Reading a recent article on gifts to colleges, "When Strings Are Attached, Quirky Gifts Can Limit Universities," I found myself taken back to the good old days at my alma mater, William Jewell College. A school with Baptist roots, Jewell, for decades, never had a dance on campus. (Baptists, you see, have traditionally disapproved of sex, believing that it may lead to dancing.) Instead of a Homecoming Dance, we had a Homecoming Concert. This was in the days before moshing, but I am fairly certain, despite never attending one of these events, that there were curmudgeonly overseers strolling the aisles to ensure that the movement did not wax rhythmic.
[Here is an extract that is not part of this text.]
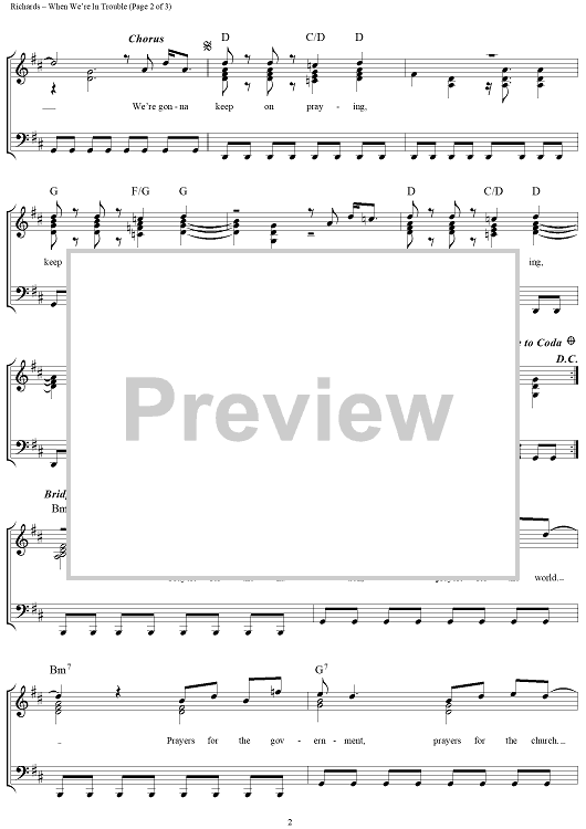 Digital Sheet Music for When We're In Trouble (Keep On Praying) by Noel Richards scored for Piano/Vocal/Chords; id:109985
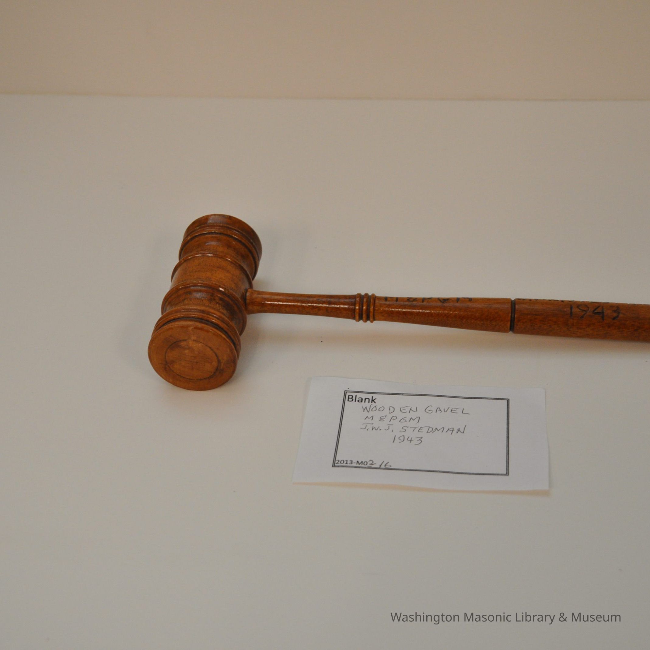 Gavel: Wooden Gavel M&PGM J.W.J. Stedman 1943Entry/Object ID

Was there a point to this post? Oh yeah! William Jewell used to play its indoor sports in the lovely and ancient Brown Gymnasium. After the construction of a fine new fieldhouse, which opened in time to mark my arrival on campus, the Brown Gym became a bit of a redundancy. The Browns, I am told, gave the money to build the gym with the stipulation that if a dance were ever held on campus, the gym would be burned down. Although I rather doubt such a restriction actually existed, it makes for a fun story. When the college raised buckets-full of dough to convert the gym into a performing arts center and classrooms, they apparently decided that whatever stipulation was in force had fallen away with the conversion of the building from gym to catch-all.
Sometimes, an alumnus' generosity winds up putting more burden on the school than their gift is actually worth. I'm contemplating some sort of poison-pill donation to one of my several former schools. Perhaps I could donate a new theater with the understanding that plays by Edward Albee must be performed in Norwegian at least once every leap year. That sounds like fun.